Is Scribd a Porn Document Network? - moses1400
http://www.centernetworks.com/scribd-porn-document-network
======
pg
What blatant hypocrisy. The author of this article offers no evidence that
Scribd has deliberately used porn to increase traffic-- that the proportion of
porn in Scribd is any higher than any other large repository, like the Google
index. And yet it seems pretty clear that the author himself is using the
topic as a way of increasing traffic.

------
DanielBMarkham
Porn is like the Special Forces of startups. Special Forces were known as
"force multipliers" because they can take a small army of native people and
make them have a big impact. Looks like porn can take a small company and give
it a huge kick in the butt.

The question is whether they want to go this direction or not. I know some
companies run from it at all costs. Some embrace it.
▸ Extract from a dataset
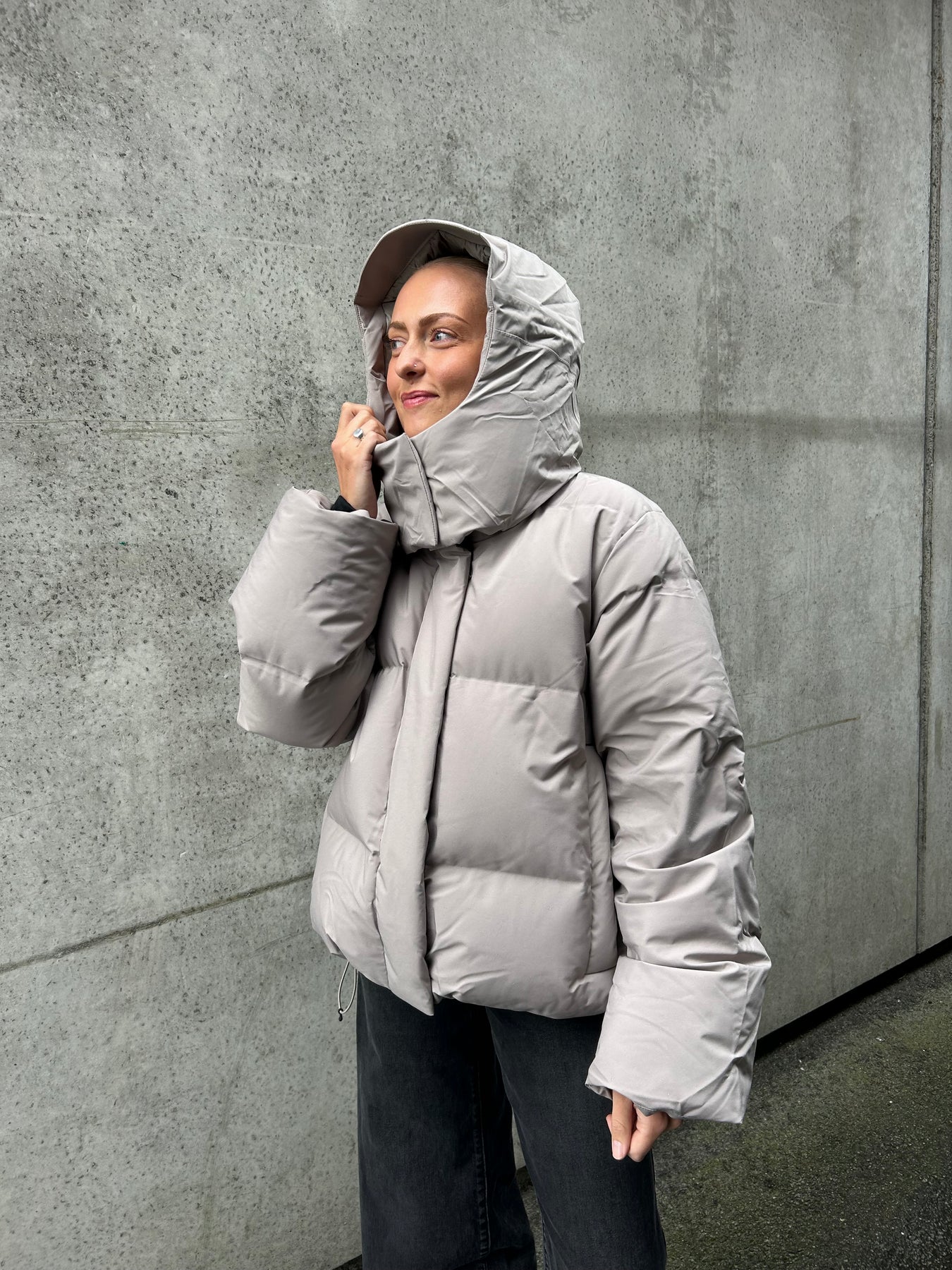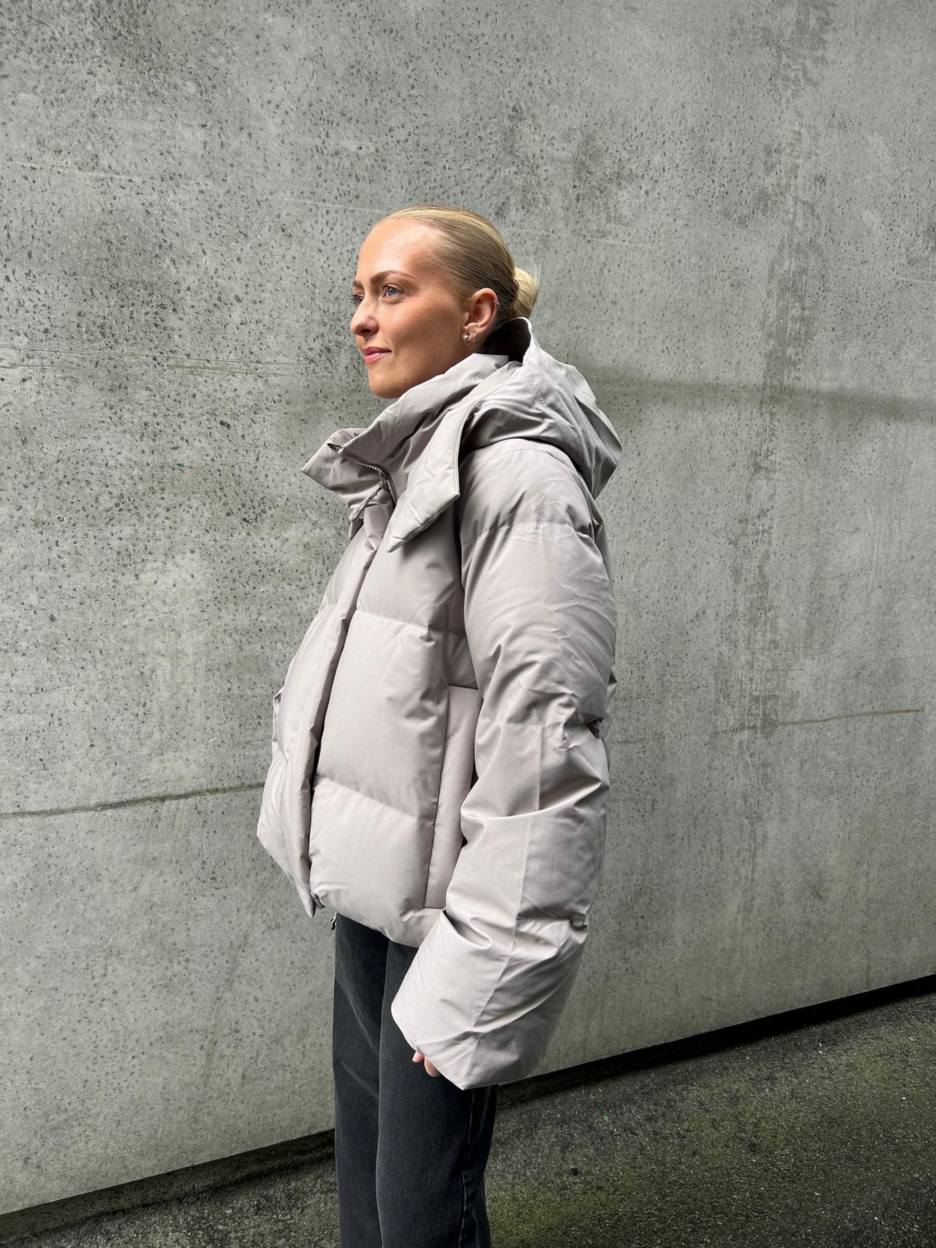 Varm i stil med denne lekre dunjakken fra Blæst. Kort og kul modell med strikk nede og stor og god hette. Vanntett dunjakke.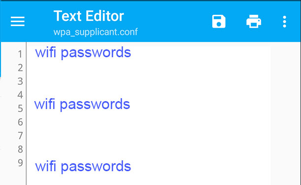 - Open the file with the text editor. In this file, you can see all the WiFi networks stored on your Android device. Scroll down and find the one that you need. Although this procedure is a little more complicated than the previous ones, it is worth trying.

It'll be interesting to
see where they go with this, assuming the article is true.

------
jsnx
This has a little of the flavor of "Valley Wag" -- subtly slamming innovators
for failing to fix the internet/economy/government. Scribd allows people to
share content and, lo and behold, people use it to share porn -- just like
Facebook, youTube, Flickr...

The author can't really make up their mind as to where Scribd is in error: are
they using porn to drive up traffic, or do they fail to have right the
disclaimer? Going so far as to ask whether it is "acceptable for a VC backed
company to drive growth via porn?", the author back pedals and asks for an
"Are you OK with this?" dialogue, though the site already has it. (Maybe that
changed recently?)

------
ed
Oh come on. The adult group is the biggest is because you're required by
Scribd to add your adult content to it.

You're still free to add it to any additional group too, but this is
essentially Scribd's way of tagging the content.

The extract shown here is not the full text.